A small, new real-world study suggests that two widely used at-home antigen tests, the Abbott BinaxNOW and Quidel QuickVue, may fail to detect some omicron infections even when people are carrying high levels of the coronavirus.
The study, which has not yet been peer-reviewed, focused on 30 people infected with the virus at five workplaces that experienced what were most likely outbreaks of the omicron variant in December. The people received both saliva-based PCR tests and rapid antigen tests using nasal swabs.
It took three days, on average, for people to test positive on a rapid antigen test after their first positive PCR result. In four cases, people transmitted the virus to others while the rapid test showed the negative result, according to the study, which was conducted by several members of the COVID-19 Sports and Society Working Group.
It is not clear whether the infections were missed because the antigen tests are inherently less sensitive to omicron or because saliva tests may be better at detecting the new variant.
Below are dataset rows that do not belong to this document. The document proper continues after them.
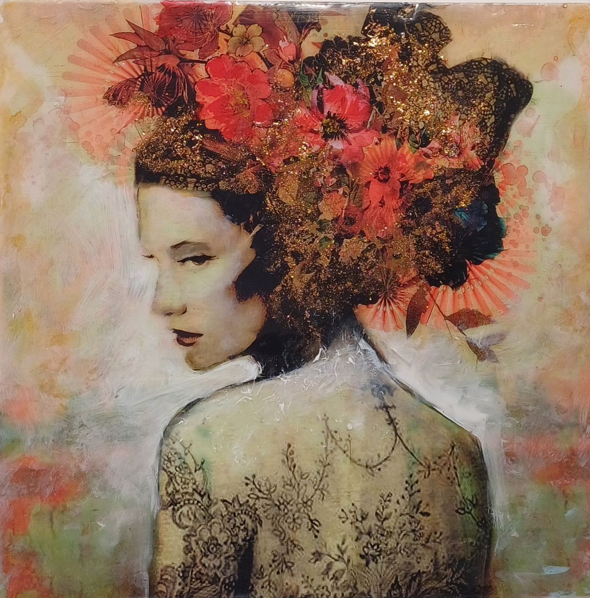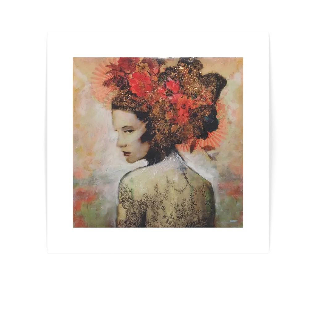This unique and original contemporary artwork "Marta III" has been created by the contemporary artist Laura Bofill. The artist used acrylic, resin media, and rose leaf to create this figurative, small size painting.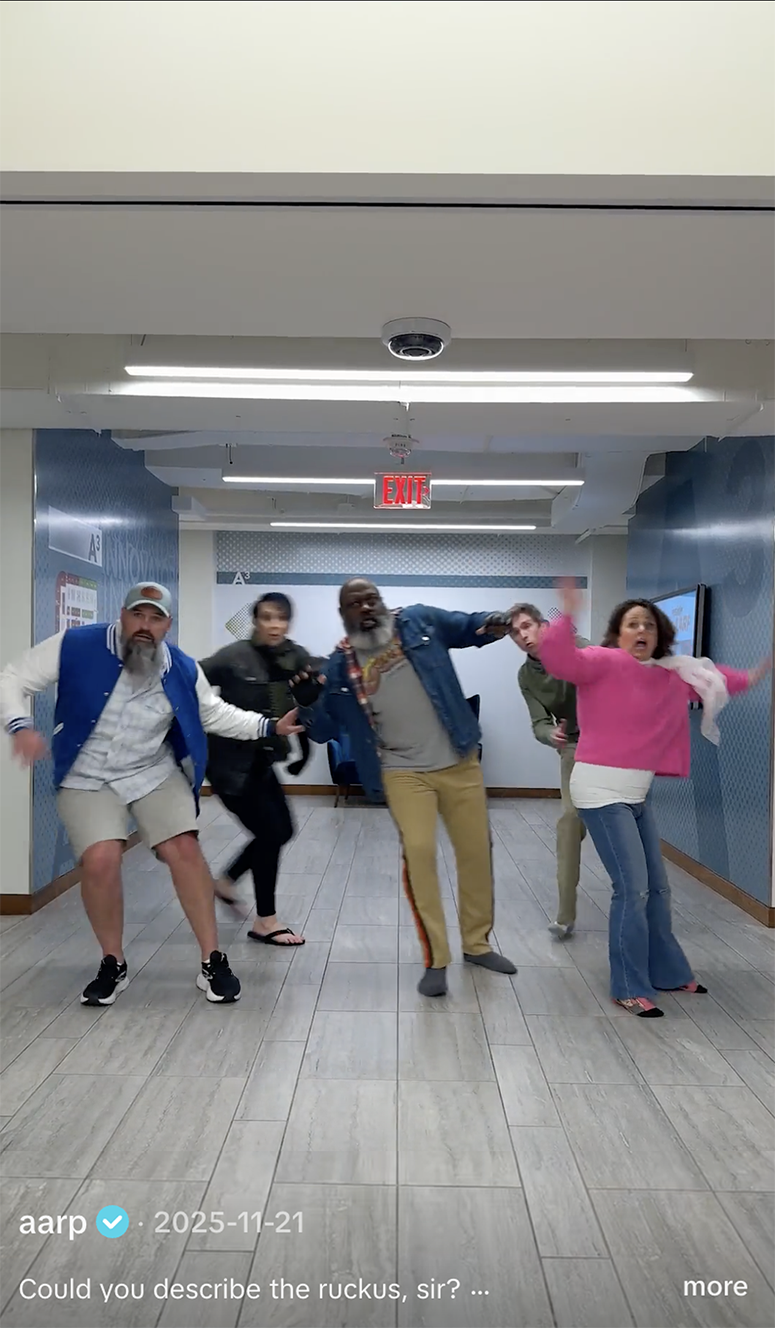 Instead of traditional influencer takeovers or standalone spots, these creators appeared across our established video franchises, surprising and delighting our audience by showing up where they least expected: right in the middle of the videos they already loved. We posted the videos on our TikTok account, leveraging the collab feature to reach each creator’s audience as well. This approach not only wove the creators’ humor and authenticity into the fabric of our brand, but also organically introduced their loyal followers to the AARP community, fostering a sense of belonging and shared experience. Their unique comedic styles and relatable Gen X perspectives brought a new layer of engagement and made every episode feel like an event.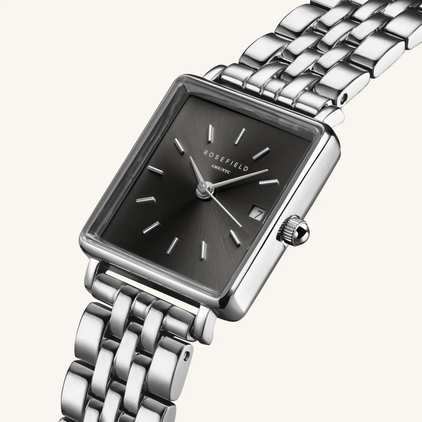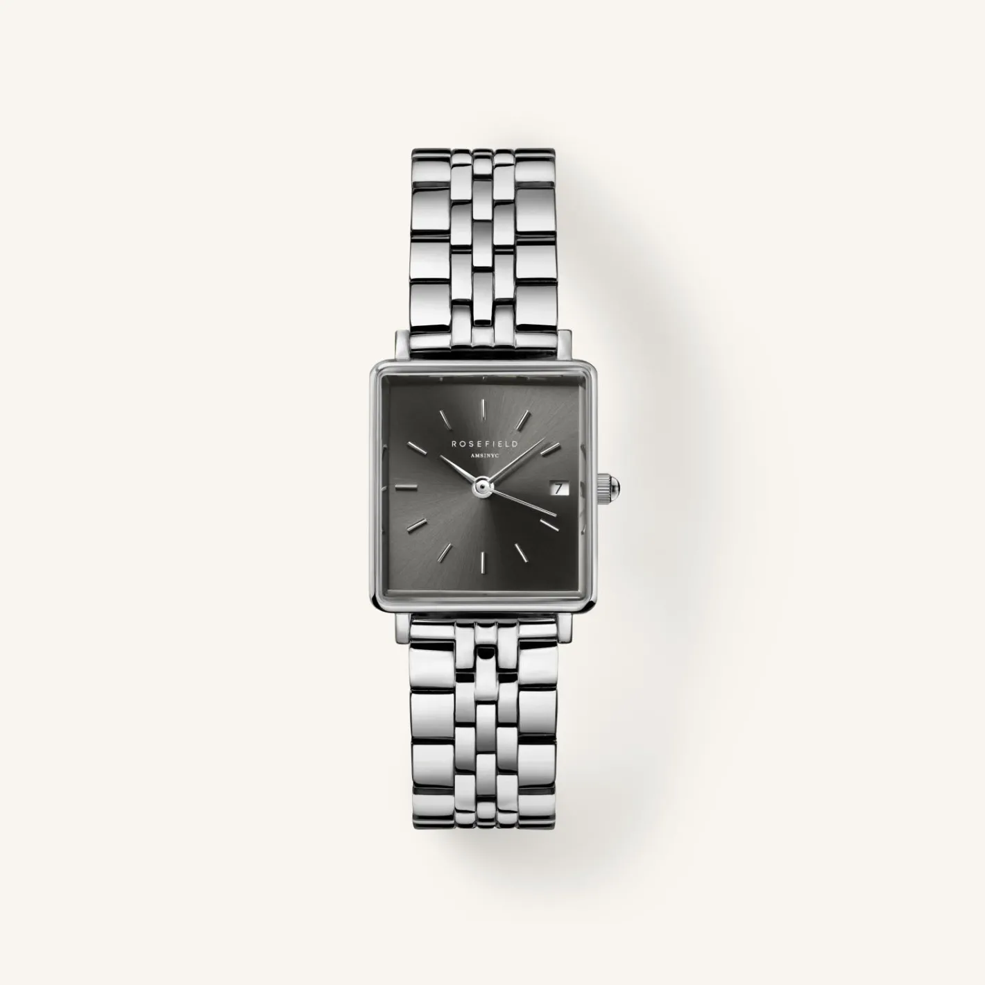 New size, new style: The Boxy XS is part of Rosefield’s signature watch collection. The fan favorite square silhouette is even more delicate at 22mm. The classic details remain: rounded edges, steel and leather strap options, plus a date function. This is seriously retro.

But the results are consistent with other preliminary evidence that the at-home tests that many Americans have come to rely on — at least as currently administered, with a nasal swab — may fail to detect some omicron cases in the first days of infection.
The researchers said they shared their results with federal officials — including at the White House, the Food and Drug Administration and the Centers for Disease Control and Prevention — in real-time, as the outbreaks were occurring last month.
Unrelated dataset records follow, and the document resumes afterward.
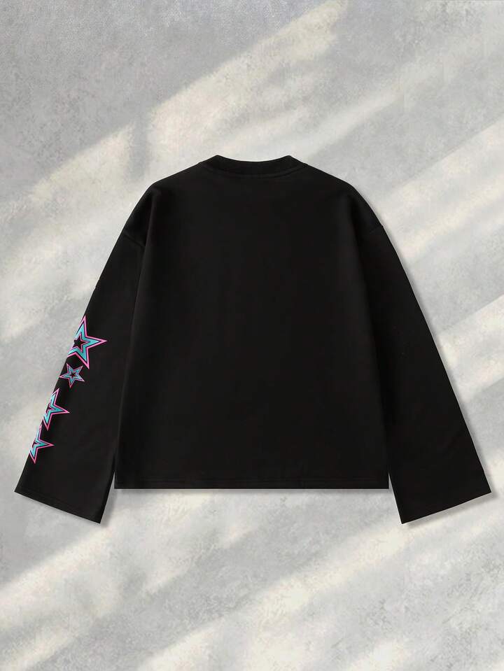Street Life Men's Printed Long Sleeve T-Shirt, Loose Cropped Fit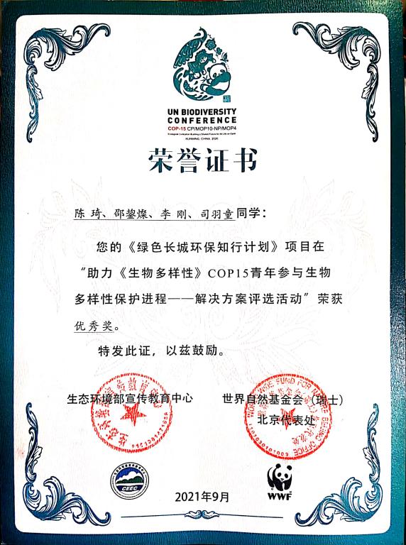 8月31日由生态环境部宣传教育中心和世界自然基金会(瑞士)北京代表处联合主办的主题为“访问世界,对话未来,保护生物多样性”助力《生物多样性》COP15青年参与生物多样性保护进程——解决方案评选活动圆满落幕。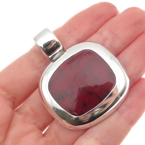 DESIGNER 925 Sterling Silver Vintage Cabochon Cut Jasper Pendant PT17350

“They’re aware that there are flaws with antigen testing,” said Dr. Robby Sikka, an author of the study and chairman of the working group.
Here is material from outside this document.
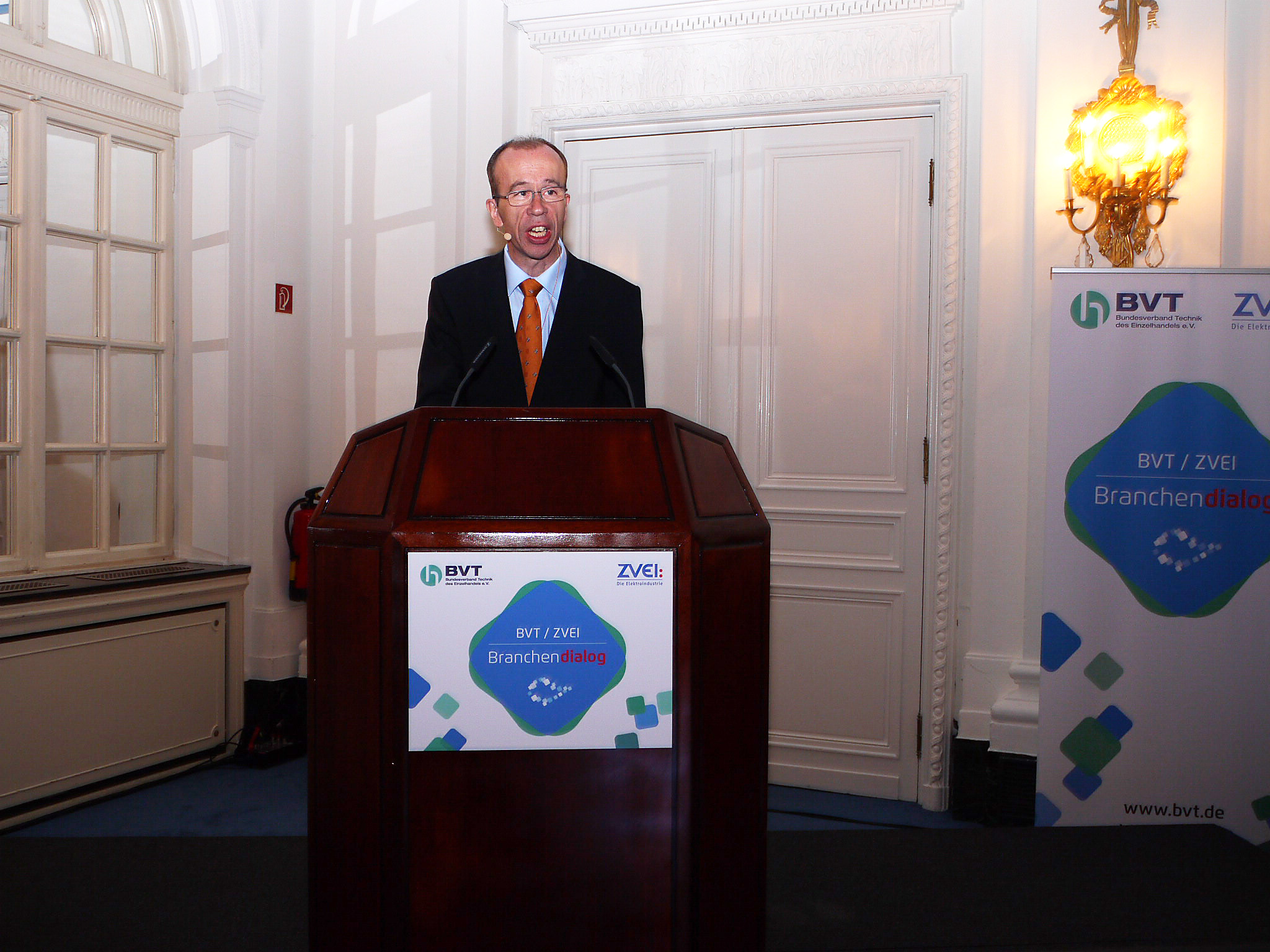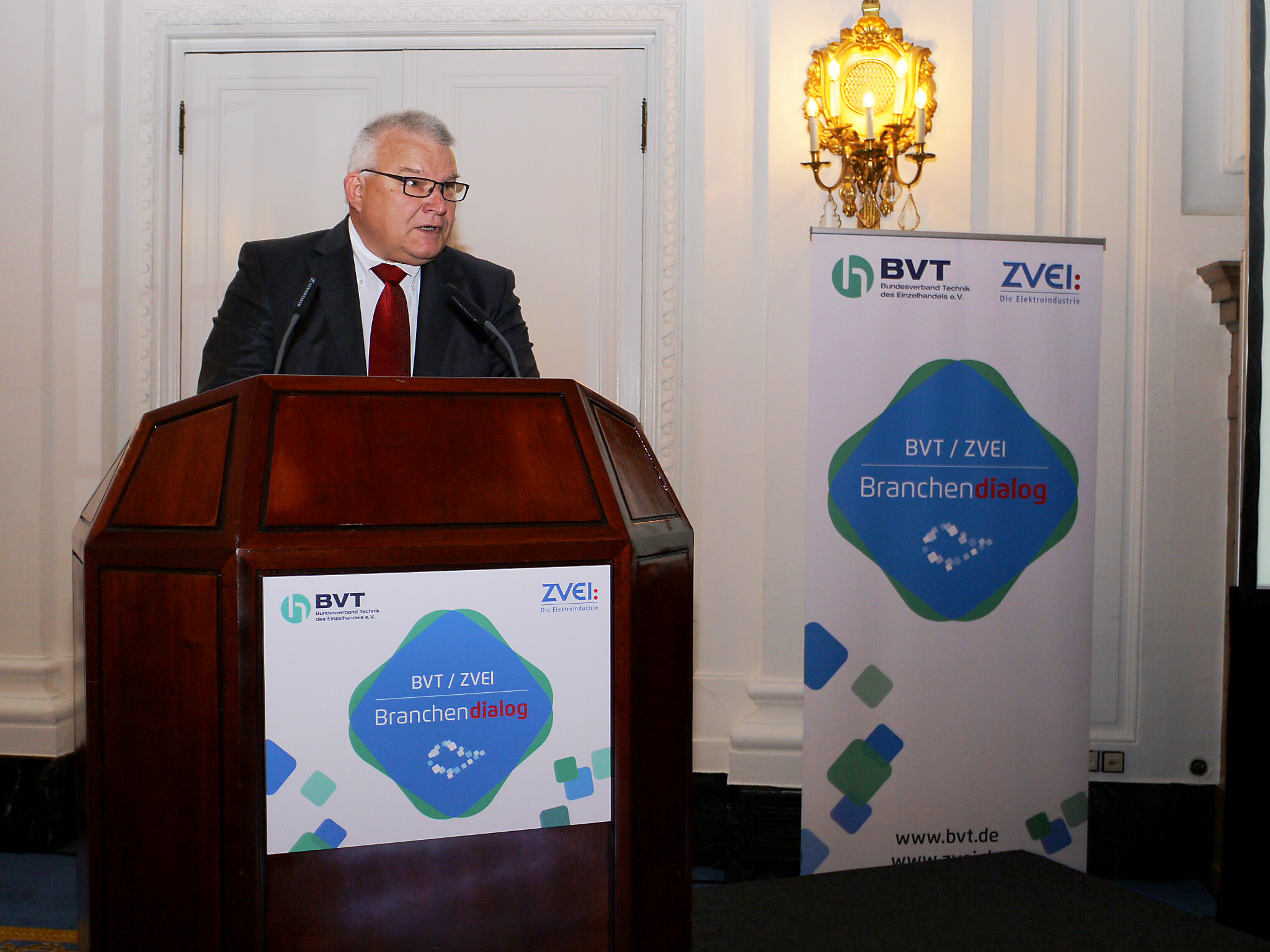Hans Wienands, Vorsitzender der ZVEI Fachgruppe Consumer Electronics, beschreibt auf dem Branchendialog die Lage wie folgt: „Wir leben in einer revolutionären Zeit: die Digitalisierung löst dramatische Veränderungen aus: gesellschaftlich, politisch und wirtschaftlich – und das in einer nie zuvor gekannten Beschleunigung – quasi eine industrielle Revolution in Lichtgeschwindigkeit. Aber die Gesetze (und auch Gewohnheiten), die unser gemeinsames Handeln zwischen Industrie, Handel und Verbraucher regeln, stammen aus einer Zeit, als zum Beispiel der Begriff „Fernabsatz“ durch sorgfältiges Katalogstudium, das Ausfüllen einer Bestellpostkarte und die zuverlässige Lieferung durch die Deutsche Bundespost an die Haustüre definiert wurde.“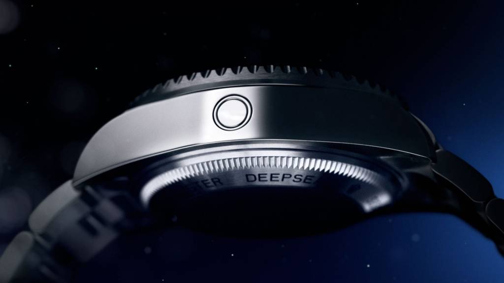 Die Rolex Deepsea D-Blue wurde gemeinsam mit dem Dokumentarfilm “Deepsea Challenge 3D” von James Cameron an der Premiere im American Museum of Natural History in New York vorgestellt. Die grüne Schrift symbolisiert dabei das U-Boot mit dem der Blockbuster Regisseur 2012 in den Marianengraben auf 10’908m abgetaucht ist.

The study comes a week after the Food and Drug Administration released its own update on the effectiveness of the rapid antigen tests. “Early data suggests that antigen tests do detect the omicron variant but may have reduced sensitivity,” the agency said.
Many of the studies are early and small, and much more data is needed. The tests, which can deliver results at home in minutes, remain an important public health tool, and positive results are especially likely to be informative, many scientists said. (The wait for PCR results can stretch for days.)
“The message is not that we should stop using these tests,” said Isabella Eckerle, a clinical virologist at the University of Geneva in Switzerland.
But people should be cautious about interpreting negative results, especially when they have symptoms or believe they may have been exposed to the virus.
“It’s not a ticket that allows you to go back to normal or to drop any other measures,” Eckerle said.
Antigen tests are designed to detect proteins on the surface of the coronavirus. If mutations in the virus change the structure of these proteins, antigen tests might fail to detect the variant.
The omicron variant has about 50 mutations, including more than 30 on the spike protein alone. Most rapid antigen tests are designed to detect more stable targets, which are far less mutated in omicron.
Still, even minor-seeming mutations can affect a virus’s surface proteins, “sometimes in nonobvious ways,” said John Moore, a virus expert at Weill Cornell Medicine. “Only experimental data can determine whether there is an impact or not.”
The FDA in September told makers of rapid tests that they would be required to continue to test their products as new variants emerged, and, if asked, to share those results with the agency.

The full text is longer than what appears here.